America, Do We Have a (VMA) Problem?

MTV’s 2015 Video Music Awards was the most tweeted (non-Super Bowl) event since…wait for it…tracking ever began! Really? Even if it were only the most tweeted event since this year’s Super Bowl, I would say we have a problem. I mean, I rarely write from a negative place, and genuinely hate sounding as curmudgeonly as this. But, you know, a lot of things have happened this year – good and bad – which would have, I hope, generated more tweets than the VMA’s!

When the?“most tweeted” status is earned by a show that seems mostly about how many body parts one can get away with exposing, and the total sexualization of virtually every moment of the event, it just feels like somewhere we’ve crossed some important lines: the difference between comfort with the human body and objectification of that body, between art which can (and often should) provoke and provocation for its own sake, between culture which generates celebrity and celebrity which drives the culture, just to name a few.
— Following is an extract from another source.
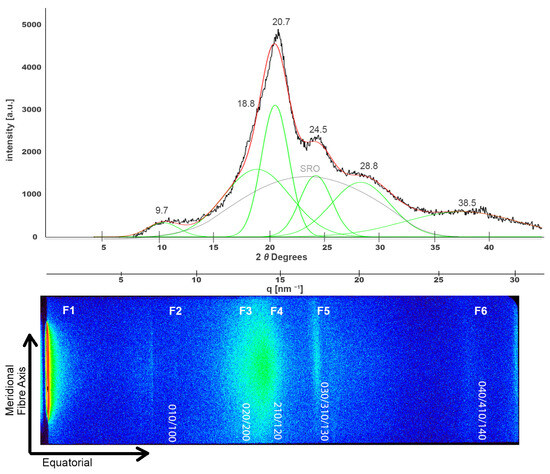 Deconvoluted XRD peaks for a pristine NW silk sample (top). The black line represents the original diffractogram, the red line is the fitting curve, the deconvoluted peaks are shown in green and (SRO) peak is highlighted in grey. This XRD spectrum is shown alongside the 2D SWAXS scattering image at the (bottom) where different scattering features are highlighted as F1 to F6.
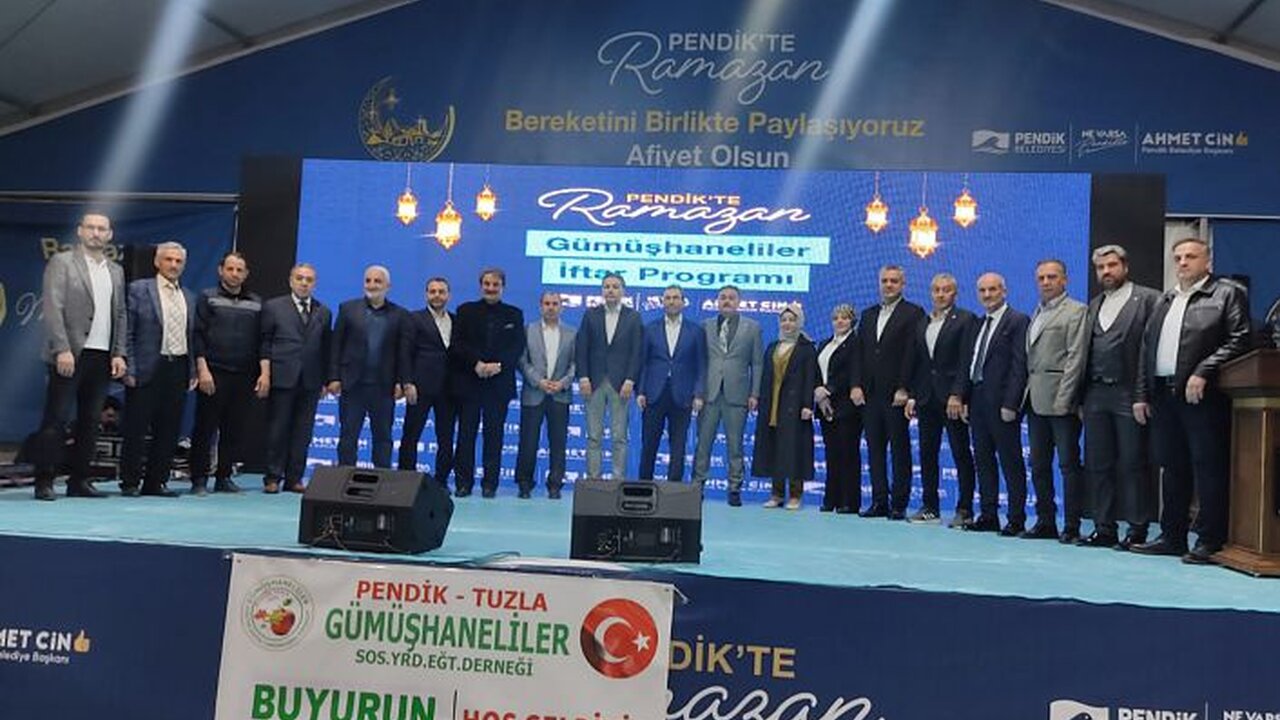 Pendik Belediyesinin öncülüğünde Pendik Tuzla Gümüşhaneliler Derneğinin ev sahipliğinde Pendik Millet Bahçesinde düzenlenen iftar buluşmasına hemşerilerimiz, Pendik Belediye Başkanı Ahmet Cin, Pendik Tuzla Gümüşhaneliler Dernek Başkanı Şaban Cebeci, AK Parti Pendik İlçe Başkanı Ali Şirin, PENDEF Başkanı Ziya ÖNCAN, ŞİDEF Başkan Yardımcısı Yaser Sarı, AK Parti Pendik Meclis Üyesi Dursun Gürel, Muzaffer Pala, MHP Pendik ilçe Başkanı Yalçın Çolak, Pendik Kaymakamlığı Sosyal Yardımlaşma Başkanı Orhan Alaş, Sinop Federasyon Başkan Yardımcısı Cemil Özgür, Kaynarca Esnaf Kooperatif Başkanı Hüsamettin Elçi, GÜDEF Başkan Danışmanı Sinan Terzi, Pendik Belediye Başkan Yardımcısı Hakan Öğütçü ve bir çok STK temsilcisi katıldı.

It was like a celebration of a really unhealthy race to the bottom.

Believe me when I write about lines being crossed, I write as one as deeply committed to the permeability of lines as I am to the presence of the lines themselves. In fact, this seems to be a theme for me this week, having written about the debate over walls on our national borders. But I also write as a father of three daughters – 14, 19 and 21 years old – all of whom are coming of age in a culture whose demands on them as young women aren’t healthy, to say the least.

Now I get it, the VMA’s are not educational programming and their job is to entertain, not model optimal behavior for an audience of “normal” viewers. That even helps explain why the broadcast, versus more important events in the world, lit up the Twitterverse as it did. But still, when young women in my office come in the day following the VMA’s commenting on how out of control it all felt (as one of them described it to me: it was like a celebration of a really unhealthy race to the bottom which they feel defines their world, even though they wish it didn’t), we do have a problem.

But I also believe that the best response to a moment of darkness (too harsh a word, but it works for the metaphor) is to light a candle, not curse the darkness. I think the best move here is to imagine what things we all could tweet this week that celebrate more positive values and a healthier culture – one which celebrates freedom of expression, appreciates entertainment and celebrity, and feels less like an invitation for young women – or anyone else, for that matter – to run any kind of race other than their own.